Last Monday, Rouhani ordered the hanging of the poet and human rights activist. This occurred despite the fact that last month the United Nations Special Rapporteur on human rights in Iran, Ahmed Shaheed, as well as Christof Heyns (the UN’s expert addressing the executions), urged Iran to halt the surge in executions.
So what did this 32-year-old man really do?
Why was he convicted of “waging war on God,” being an “enemy of God,” spreading “corruption on earth,” and threatening “national security”? What was the crime that was horrendous enough to deserve a hanging? Did he go out and started throwing bombs at mosques or governmental infrastructure? Did he terrorize people or kill other citizens? Did he use any violent tactics?
No. His crime was using his pen. His crime was writing. Even in reading his poems, one would notice that there is nothing really controversial in them. There were poems depicting the beauty of his city and the lives in his community. In one of his poems he talks about “the blonde sun of Khuzestan.” Though in some poems and writings, he does talk about social inequality, he never incites any movement against the government.
According to The Jerusalem Post, Shaabani wrote in a letter: “[I] never participated in any armed activity, whatever the motives. I disagree with armed activities if there are other peaceful channels to make demands and express our wishes and aspirations.”
Shaabani continues in a letter he wrote to his family from prison on how he was not capable of ignoring the “hideous crimes against [minorities] Ahvazis, perpetrated by the Iranian authorities, particularly arbitrary and unjust executions,” adding, “I have tried to defend the legitimate right that every people in this world should have, which is the right to live freely with full civil rights. With all these miseries and tragedies, I have never used a weapon to fight these atrocious crimes except the pen.”
Under Sharia and Islamic Shiite laws, the punishment for writing is being convicted of “waging war against God,” punishable by hanging.
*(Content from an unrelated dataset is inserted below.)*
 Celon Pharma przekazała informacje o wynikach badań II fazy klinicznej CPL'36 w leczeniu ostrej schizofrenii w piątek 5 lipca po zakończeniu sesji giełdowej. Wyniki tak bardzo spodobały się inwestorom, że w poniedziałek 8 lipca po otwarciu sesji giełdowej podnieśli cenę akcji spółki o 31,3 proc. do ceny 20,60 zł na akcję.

It is crucial to point out that this 32-year-old man is not the first poet to be hanged for using his pen. According to Taheri, an Iranian journalist who reported in Asharq al-Awsat, “Shaabani is not the first Iranian poet to be murdered by the mullahs. The left-wing poet Sa’id Sultanpur was abducted on the day of his wedding on Khomeini’s orders and shot dead in a Tehran prison. Rahman Hatefi, writing under the pen-name of Heydar Mehregan, had his veins cut and was left to bleed to death in the Evin prison.”
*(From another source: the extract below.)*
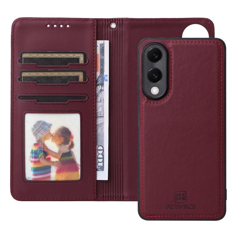 For Samsung Galaxy S25 Edge 5G BETOPNICE BN-005 2 in 1 Detachable Imitate Genuine Leather Phone Case(Wine Red) (BETOPNICE)

In addition, hangings based on perceived religious deviation have ratcheted up under the presidency of this “moderate” Iranian president, Hassan Rouhani. In fact, numbers show that human rights abuses are not only the same on the entire Iranian political spectrum, from “reformists, hardliner, or moderate Iranian presidents,” but in fact the atrocities have surged under reformist or moderate presidents such as Khatami, Rouhani, Rafsanjani, etc.
When the law of the land is based on Sharia and Shiite Islamic law of the ruling cleric like in the Islamic Republic of Iran, the crime for writing a poem becomes punishable by hanging and execution. While the international community is focusing on getting nuclear deals with Iran, it seems that any hope for condemnation for such actions has fallen to the wayside.
Addendum:
The Iranian journalist Amir Taheri, who has written of Shabaani’s poetry (which is mostly non-political) quoted Shabaani’s verse a few days after the poet’s killing by Iran’s presidential and judicial order.
“Seven Reasons Why I Should Die
By Hashem Shaabani
For seven days they shouted at me:
You are waging war on Allah!
Saturday, because you are an Arab!
Sunday, well, you are from Ahvaz
Monday, remember you are Iranian
Tuesday: You mock the sacred Revolution
Wednesday, didn’t you raise your voice for others?
Thursday, you are a poet and a bard
Friday: You’re a man, isn’t that enough to die?”